Né en 1955 à Reims (France)
Vit et travaille à Paris
Artiste prolifique, Jean-Luc Moulène construit depuis trente ans une œuvre complexe et protéiforme, traversée par une photographie plasticienne qu'il pratique depuis ses débuts. Depuis quelques années son travail sculptural a pris davantage d'importance, toujours influencé par des allers-retours féconds entre les différents médiums. Ses œuvres sont présentes dans des collections du monde entier, et ont fait l'objet de nombreuses expositions dont une grande rétrospective au Centre Georges Pompidou en 2016. Jean-Luc Moulène a également participé à plusieurs biennales dont celle de Venise en 2019.
Entre 1984 et 1995 Jean-Luc Moulène réalise la série Disjonctions, un ensemble disparate de quarante-deux photographies. Entre ces images énigmatiques, prises sur le vif, et les photographies de studio que l'artiste réalise par ailleurs, le rapport semble lointain; toutes procèdent pourtant d'une volonté d'échantillonner le réel, de dresser un inventaire des formes créées par la nature et la société. Portraits, paysages, natures mortes, vues urbaines renvoient d'une part aux catégories classiques de la photographie. Produits, Documents, Noyau dur, Opus évoquent davantage le langage de la science, de la publicité ou de l'administration. L'obsession typologique de Moulène s'exprime alors par l'étude des différents genres photographiques qui échappent à toute formalisation par le langage, ou passe par des mots qui tentent de regrouper sous une même entrée des images disjointes. « On lit une image fixe en laissant monter les mots à l'intérieur. Tout ça, tout à fait mentalement. En fait, ce qui est monté c'est proprement tous ces mots qui montent, qui apparaissent au-dessus de l'image1 ».

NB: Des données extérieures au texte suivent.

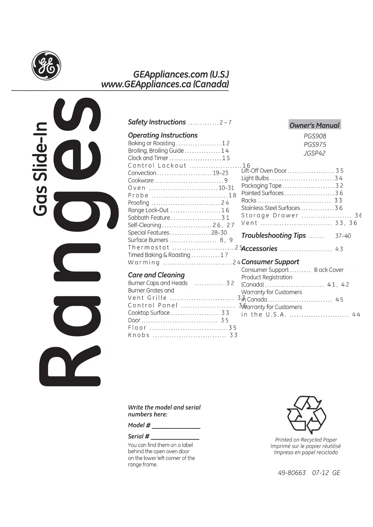 Retrouvez gratuitement la notice de l'appareil Profile PGS975SEPSS GE au format PDF.
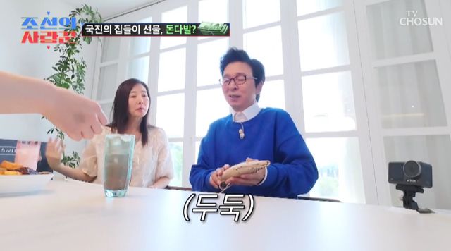 황보라는 "무엇보다 김국진 선배님 봉투 한가득 갖고 오셨는데, 오늘의 하이라이트다"라며 분위기를 띄웠다. 김지민은 "만져봐도 되냐. 엿 같은 느낌이다"라며 만져보더니 "푹신하다. 돈 같은데"라며 눈을 번뜩였다.
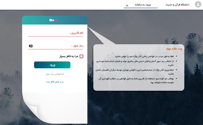 1. برای شرکت در جلسات آنلاین ابتدا باید وارد سامانه مشاهده دروس شوید جهت ورود در صفحه اصلی سایت دانشگاه قرآن و حدیث بر روی «سامانه دروس الکترونیکی (LMS)» کلیک نمایید. (تصویر 1)
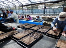 ユリの里のハウス内で 今年も部会を中心に 花苗の種まきを行いました。

Le politique traverse le travail artistique de Jean-Luc Moulène, qui n'a de cesse d'explorer les formes-limites de la marchandisation. Marchandisation des corps, avec Les Filles d'Amsterdam (2004) où il fait poser sur fond coloré des prostituées nues aux jambes écartées, présentant leur sexe au spectateur tout autant que leur visage. Non moins célèbres, les photographies des Objets de grève (2000-2003), objets fabriqués par les ouvriers en grève qui détournent leurs outils de production, transformant ainsi des marchandises en objets militants. Quant aux Produits de Palestine, ils attestent d'une situation géopolitique : fabriqués dans un pays qui n'existe pas légalement, ce sont « des fictions » selon Moulène. L'artiste nous rappelle que la consommation est aussi celle du regard, et que la photographie contraint ce qu'elle capture à un devenir-chose.
Les photographies de Jean-Luc Moulène tiennent de l'evidence, qui dans le registre anglophone de la criminologie désigne la preuve. Mais aussi, évidence d'un corps nu, d'un paysage, d'un geste, d'une simple mauvaise herbe. Entre évidence et evidence, entre Bertillon et Belloc, l'artiste déploie un vocabulaire plastique cohérent, qui va de l'analytique à l'indicible.
1 Jean-Luc Moulène, dans l'émission « Tout arrive ! » sur France Culture en 2009, à propos du journal Personne.